The problem is
The matrix $$ A = \begin{bmatrix} 2 & 2 & -2 \\ 5 & 1 & -3 \\ 1 & 5 & -3 \end{bmatrix} $$ has the property $A^3 = 0$. How many distinct eigenvalues does $A$ have?
I can, of course, compute all the eigenvalues, but I am wondering what does $A^3 = 0$ tell us here about the number of distinct eigenvalues?
$A^3=0$ is the characteristic equation applied to $A$:
$$p(A)=0$$
The characteristic equation ($p(\lambda)=\lambda^3=0$) has three roots, all roots are zero, so there is a unique (triple) eigenvalue $\lambda =0.$
For this particular matrix I don't have anything else to add. So I will look at the general case that you talk about.
Let's suppose that $A$ is a (square) matrix. Then eigenvalues are solutions to the equation $A\vec v = \lambda \vec v$, where $\vec v$ is the corresponding eigenvector.

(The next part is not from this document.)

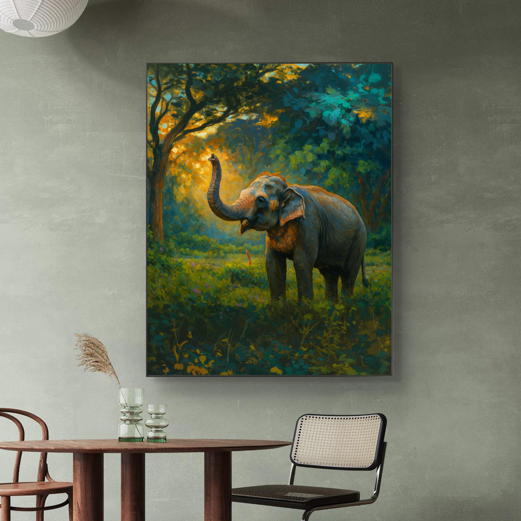 This elephant art frame radiates prosperity, symbolizing strength, wisdom, and abundance. The majestic elephant, painted with vibrant colors, embodies resilience and good fortune. Surrounded by nature’s harmony, it reflects balance and growth. Perfect for home or office, the artwork invites wealth, positivity, and serenity, making it a timeless emblem of prosperity.

Now it is a relatively simple exercise to show that if $\lambda$ is one such eigenvalue, with corresponding eigenvector $\vec v$, then for each $n\geq 1$, $\lambda ^n$ is an eigenvalue of $A^n$ with eigenvector $\vec v$. (Just multiply each side of the defining equation on the left by $A$ repeatedly.)
Now if $A^3 = 0$, then $\lambda^3$ should be an eigenvalue of $A^3$ and so must be zero. (Note that $A^3\vec v = 0\vec v = \vec 0$ so the only possible eigenvalue is zero.) But then $\lambda^3 = 0$ has only a single solution $\lambda = 0$.
Here are some other questions you might want to think about: what do you think would happen if instead $A^3 = I$ or $A^3 = A$?
It's funny that you are given the values of the matrix, when they are irrelevant, the property $A^3 = 0$ suffices.
– leonbloy Aug 09 '21 at 19:44